Masyarakat Masalembu termasuk masyarakat yang agamis. Derap nilai keagamaan selalu ada di setiap sisi kehidupan. Maka, tidak lepas dari nilai agama, juga pelaksanaan upacara rokat, terselip nilai-nilai syar’i. Tidak ada sedikitpun adanya nuansa syirik, sehingga kita tidak perlu berdebat tentang keabsahan rokat secara agama.
Melarung sesajen di laut lepas juga tidak ada kaitannya dengan syirik. Setidaknya ada niat untuk memberi makan raja ikan (Rajamena), yang dalam hal ini adalah ikan-ikan yang biasa kita tangkap dan konsumsi. Memberi makan kepada ikan sama sekali tidak ada kaitannya dengan perbuatan yang bertentangan dengan agama. Apa lagi, saat pelarungan diiringi dengan kalimat, “Laailaaha illallaah, Muhammadur Rasulullah.”

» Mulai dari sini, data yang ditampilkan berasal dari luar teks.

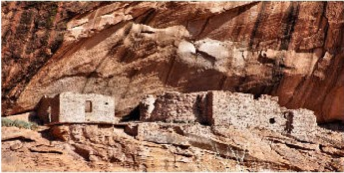
Views of the ruins, including the White House, below left
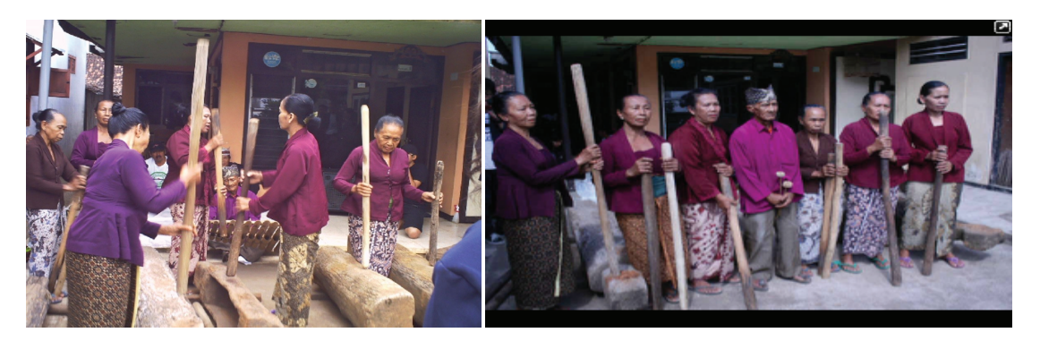
Figure 2: Clothes Gedogan music players.
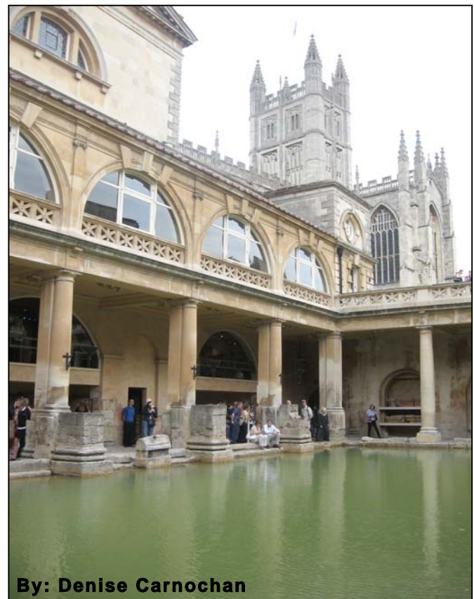
By: Denise Carnochan

Heritage Resources Centre University of Waterloo www.env.uwaterloo.ca/ research/hrc 519-888-4567 ext. 36921

Agama di dalam tata laksana adat adalah sebuah kewajaran, daripada adat yang dipaksakan masuk ke dalam suatu agama. Meski keduanya masih debatible (terdapat perbedaan pendapat) setidaknya dalam pelaksanaan rokat di Masalembu nuansa agama telah menjadi bagian yang tidak terpisahkan.
Demikianlah sekilas adat budaya yang terjadi di Masalembu, khususnya budaya rokat. Harapan dari kita semua, bahwa budaya ini jangan sampai hilang begitu saja karena berkembangnya suatu masa. Kita harus berusaha melestarikan budaya ini agar generasi kita, anak cucu, dan orang-orang setelah kita masih dapat menyaksikan indahnya pelaksanaan rokat.
Tidak menutup kemungkinan, bahwa ada di antara kita yang apatis bahkan cenderung anarkhis terhadap pelaksanaan rokat ini. Namun jika kita mampu menunjukkan sisi religi dan nilai-nilai budi yang ada di dalamnya, maka Upacara ini akan diterima oleh seluruh lapisan masyarakat. Melestarikan suatu budaya adalah suatu kewajiban, sebagaimana kita hidup juga wajib bersikap dan bernilai budaya. Budi daya kita adalah etika yang tidak boleh lepas dari hati kita masing-masing. Semoga tulisan ini bermanfaat bagi kita semua. Aamiin!